### DATA EXCERPT

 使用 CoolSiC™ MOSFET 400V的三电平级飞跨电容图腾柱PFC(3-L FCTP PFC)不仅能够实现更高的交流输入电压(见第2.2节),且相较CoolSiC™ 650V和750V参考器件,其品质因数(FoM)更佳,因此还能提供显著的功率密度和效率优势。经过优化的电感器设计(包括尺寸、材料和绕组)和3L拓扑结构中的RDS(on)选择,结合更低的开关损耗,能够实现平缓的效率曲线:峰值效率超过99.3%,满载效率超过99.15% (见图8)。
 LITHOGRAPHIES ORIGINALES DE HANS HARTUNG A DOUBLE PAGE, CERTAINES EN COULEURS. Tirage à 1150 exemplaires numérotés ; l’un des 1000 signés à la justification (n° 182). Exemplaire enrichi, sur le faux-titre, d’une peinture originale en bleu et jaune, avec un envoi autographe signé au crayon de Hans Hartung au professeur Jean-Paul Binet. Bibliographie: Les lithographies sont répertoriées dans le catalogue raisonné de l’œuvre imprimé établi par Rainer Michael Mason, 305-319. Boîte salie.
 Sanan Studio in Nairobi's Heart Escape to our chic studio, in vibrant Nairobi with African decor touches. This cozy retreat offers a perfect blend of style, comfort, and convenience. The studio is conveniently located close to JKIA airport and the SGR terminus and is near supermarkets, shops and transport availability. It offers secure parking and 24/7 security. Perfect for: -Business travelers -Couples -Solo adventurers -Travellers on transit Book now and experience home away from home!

######

Every line of the listing is to be returned exactly as written.

TASK OUTPUT ->
 使用 CoolSiC™ MOSFET 400V的三电平级飞跨电容图腾柱PFC(3-L FCTP PFC)不仅能够实现更高的交流输入电压(见第2.2节),且相较CoolSiC™ 650V和750V参考器件,其品质因数(FoM)更佳,因此还能提供显著的功率密度和效率优势。经过优化的电感器设计(包括尺寸、材料和绕组)和3L拓扑结构中的RDS(on)选择,结合更低的开关损耗,能够实现平缓的效率曲线:峰值效率超过99.3%,满载效率超过99.15% (见图8)。
 LITHOGRAPHIES ORIGINALES DE HANS HARTUNG A DOUBLE PAGE, CERTAINES EN COULEURS. Tirage à 1150 exemplaires numérotés ; l’un des 1000 signés à la justification (n° 182). Exemplaire enrichi, sur le faux-titre, d’une peinture originale en bleu et jaune, avec un envoi autographe signé au crayon de Hans Hartung au professeur Jean-Paul Binet. Bibliographie: Les lithographies sont répertoriées dans le catalogue raisonné de l’œuvre imprimé établi par Rainer Michael Mason, 305-319. Boîte salie.
 Sanan Studio in Nairobi's Heart Escape to our chic studio, in vibrant Nairobi with African decor touches. This cozy retreat offers a perfect blend of style, comfort, and convenience. The studio is conveniently located close to JKIA airport and the SGR terminus and is near supermarkets, shops and transport availability. It offers secure parking and 24/7 security. Perfect for: -Business travelers -Couples -Solo adventurers -Travellers on transit Book now and experience home away from home!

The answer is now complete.